The move reflects a decision by new CEO David Potts to go back to basics and focus on the core supermarket estate.
The Sunday Telegraph reported that Bradford-based Morrisons is in “advanced talks” to sell its convenience stores to investment firm Greybull Capital, which rescued Monarch Airlines last year.
Both Morrisons and Greybull declined to comment.
The opening of M Local stores under Mr Philips was designed to cash in on the growing popularity of convenience stores at a time when many shoppers were ditching their cars amid rocketing petrol prices.
However the price of oil has fallen significantly over the past year, making driving affordable once more.
While convenience stores remain a growth sector in sales terms, there are doubts about how profitable they are.
This is particularly the case at Morrisons, which was heavily criticised for paying over the odds for stores that were in the wrong place.
Earlier this year Morrisons announced plans to close 23 of its M Local convenience stores with the loss of 300 jobs. Chairman Andy Higginson said a third of the convenience store portfolio had failed.

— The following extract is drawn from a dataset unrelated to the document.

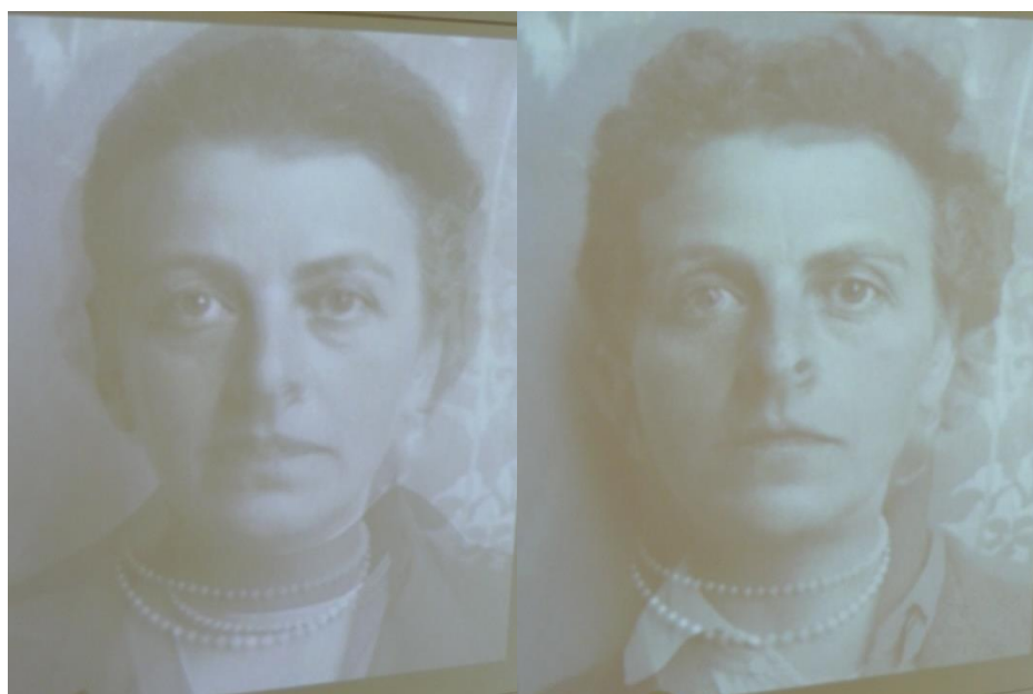
Kompozitní fotografie Helene a Ludwiga Wittgensteinových

Morrisons has around 160 convenience stores which generate around £300m in sales a year.
The move comes as arch rival Leeds-based Asda prepares to announce trading figures on Tuesday following a run of declining quarterly sales.
Last month the supermarket chain saw rival Sainsbury’s overtake it to reclaim its position as the UK’s second largest grocer for the first time since January, according to Kantar Worldpanel.
Asda has been very clear about its strategy in that it won’t join in the short term vouchering of its rivals.